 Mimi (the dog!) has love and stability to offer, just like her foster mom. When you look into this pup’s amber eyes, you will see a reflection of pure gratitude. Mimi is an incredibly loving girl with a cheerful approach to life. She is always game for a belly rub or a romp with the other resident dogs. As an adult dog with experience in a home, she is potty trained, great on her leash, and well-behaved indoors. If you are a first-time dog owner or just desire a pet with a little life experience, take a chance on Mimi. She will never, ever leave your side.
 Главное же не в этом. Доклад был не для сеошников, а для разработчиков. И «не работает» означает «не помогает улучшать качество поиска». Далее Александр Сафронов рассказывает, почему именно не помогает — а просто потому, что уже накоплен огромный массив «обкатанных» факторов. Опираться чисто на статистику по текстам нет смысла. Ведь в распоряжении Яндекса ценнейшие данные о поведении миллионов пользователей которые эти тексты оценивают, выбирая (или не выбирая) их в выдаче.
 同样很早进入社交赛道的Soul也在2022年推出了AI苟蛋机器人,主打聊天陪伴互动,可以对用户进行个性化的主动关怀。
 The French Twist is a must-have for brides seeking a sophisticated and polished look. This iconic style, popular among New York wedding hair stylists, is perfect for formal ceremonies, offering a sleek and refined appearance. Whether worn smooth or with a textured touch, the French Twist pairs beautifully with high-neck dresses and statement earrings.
---
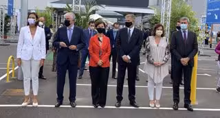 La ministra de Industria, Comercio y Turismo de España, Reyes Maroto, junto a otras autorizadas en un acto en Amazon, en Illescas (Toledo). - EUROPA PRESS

_Exercise brief_.
As listed above, the lines from the line with "同样很早进入社交赛道的Sou" to the line with "The French Twist is" are to be echoed exactly, with both ends included and nothing added.

_Answer to this task_.
 同样很早进入社交赛道的Soul也在2022年推出了AI苟蛋机器人,主打聊天陪伴互动,可以对用户进行个性化的主动关怀。
 The French Twist is a must-have for brides seeking a sophisticated and polished look. This iconic style, popular among New York wedding hair stylists, is perfect for formal ceremonies, offering a sleek and refined appearance. Whether worn smooth or with a textured touch, the French Twist pairs beautifully with high-neck dresses and statement earrings.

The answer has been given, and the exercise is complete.